Lyle: He'll send back someone to kill my grandparents. It'll be like I never existed! My entire family! My parents, my wife, my kids! Hell, even my fucking cat!
- It's also one of the few cases in which the subject knows that the Mob Boss will keep his word - If he'd testified, then erasing him would solve the entire problem at a loss, but if he kills himself, the boss will let his history remain intact so as to not erase his contributions to the organization.
- Fatal Family Photo: Fielding pulls one out before she jumps for the first time.
- Hitler's Time Travel Exemption Act: The Mr. Exposition in the Senate hearing explicitly said it would be a bad idea to go back and kill Hitler, much as he'd personally like to.
- The second movie begins with the villain attempting to kill Hitler.
- Karmic Death: The criminal buying Wall Street stock makes a joke about a stockbroker who threw himself out the window just before he arrived. After being caught and sentenced to death, he's sent back in time to Wall Street — in mid-air, several hundred feet up.
- Made of Explodium: one small brick of C4 should not make his entire large house explode in such a huge fire ball.
- It is in a shiny futuristic silver case. Maybe it's tightly compressed making it a much larger amount of C4 than would normally be contained in it.
- The Mob Boss Is Scarier: Early in the film, Walker's ex-partner who has started working for McComb refuses to testify against McComb. After all, the worst the police can do is execute him. McComb can make him and his whole family Ret Gone.
- Never The Selves Shall Meet: If Past Self and Future Self do meet (or more specifically, touch), they end up cancelling each other out.

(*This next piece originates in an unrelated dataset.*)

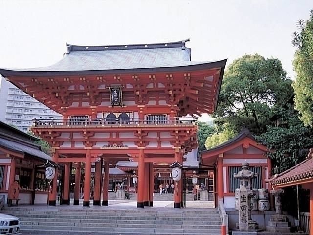 「日本書紀」には、神功皇后が海外外征の帰途、神戸港で船が進まなくなったため、神意を占ったところ稚日女尊が現れ「我は活田長狭国に居らうと思う」と申された、と記されている。また大同元(806)年、朝廷より当社のためにお供えする家、世話をする家、守る家である神戸(かんべ)44戸を頂いたとあり、この「かんべ」が「こんべ」となり現在の「こうべ」となったと伝わり、以来、神戸のルーツ「生田さん」として親しまれている。1月1日0時に開門、宮司が打つ太鼓と共に楼門上では神戸太鼓が打ち鳴らされる。

- In the sequel this does not cause the person in question to melt out of existence, but results in them fusing into straight-up Body Horror.

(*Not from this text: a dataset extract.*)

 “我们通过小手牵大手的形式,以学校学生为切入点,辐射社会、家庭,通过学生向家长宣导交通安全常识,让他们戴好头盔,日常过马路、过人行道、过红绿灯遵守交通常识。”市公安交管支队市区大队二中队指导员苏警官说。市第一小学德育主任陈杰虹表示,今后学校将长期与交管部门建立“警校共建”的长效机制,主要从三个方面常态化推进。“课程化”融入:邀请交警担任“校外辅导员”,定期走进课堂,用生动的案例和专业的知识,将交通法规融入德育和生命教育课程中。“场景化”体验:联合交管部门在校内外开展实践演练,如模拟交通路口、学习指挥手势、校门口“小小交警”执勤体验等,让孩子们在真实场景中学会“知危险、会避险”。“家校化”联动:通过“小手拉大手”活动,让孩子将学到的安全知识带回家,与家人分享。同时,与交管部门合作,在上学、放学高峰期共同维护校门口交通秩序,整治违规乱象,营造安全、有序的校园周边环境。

- Not So Different: McComb attempts to invoke this on Walker in the climax, but Walker points out that unlike McComb, he was trying to set the timeline right.
- Recycled: The Series
- Ripple-Effect-Proof Memory
- Set Right What Once Went Wrong
- Spiritual Successor: The 2012 sci-fi film Looper is basically a remake of this film.

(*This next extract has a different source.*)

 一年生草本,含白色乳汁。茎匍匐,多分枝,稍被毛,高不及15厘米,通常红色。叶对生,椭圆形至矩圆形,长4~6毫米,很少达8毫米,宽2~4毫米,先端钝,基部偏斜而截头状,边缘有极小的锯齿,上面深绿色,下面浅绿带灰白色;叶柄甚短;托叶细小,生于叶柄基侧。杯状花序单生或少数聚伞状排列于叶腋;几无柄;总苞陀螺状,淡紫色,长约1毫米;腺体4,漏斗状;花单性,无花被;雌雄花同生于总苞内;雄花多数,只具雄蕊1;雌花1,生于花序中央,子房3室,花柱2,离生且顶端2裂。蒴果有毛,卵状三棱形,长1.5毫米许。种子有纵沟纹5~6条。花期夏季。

- Temporal Paradox: Averted, changing the past makes a new present, but doesn't change you, thus if you went back and time and killed your father, you'd come back to find that you never existed, but you'd be fine.
- Terminator Twosome: The Timecop's main job is to form half of one.
- Time Is Dangerous: The Timecop's method of time travel requires extremely high speed when they pass through the time travel field. There was one failure that just left two red spots on a heavy steel wall, which could have simply been averted by building a runway twice longer with runway brakes on the second half.
- The sequel uses a different method which can cause the time traveler to disintegrate upon departure, which is increasingly more probable if the same person goes through it repeatedly within a short period of time (from his/her point of view).
- Time Machine: Timecop Type, a giant sled shoots you back into the past, but you arrive with out said machine, you have a remote control that will get you back to the sled.
- Time Police
- Time Travel
- Timey Wimey Ball: You can't travel into the future because it hasn't happened yet, but you can return to the present from the past.
- The sequel plays with time travel much more than the first one. In the end, it is implied that all the preceding events of the movie never happened because the villain accidentally changed his own past.
- You Have Failed Me: Apparently, the reason why Atwood was trying to take advantage of the Stock Market Crash was because McComb threatened to kill his ancestors if he didn't or failed to do so.
- Zeerust: Remember back in 2004, when we all had those self-driving, voice-activated cars that looked like this
◊? Good times, good times.- This is actually Larry Niven's Law of Time Travel
: (paraphrased) "If a device capable of altering the past can be created, the past will be altered continuously until a timeline is created where that device does not exist."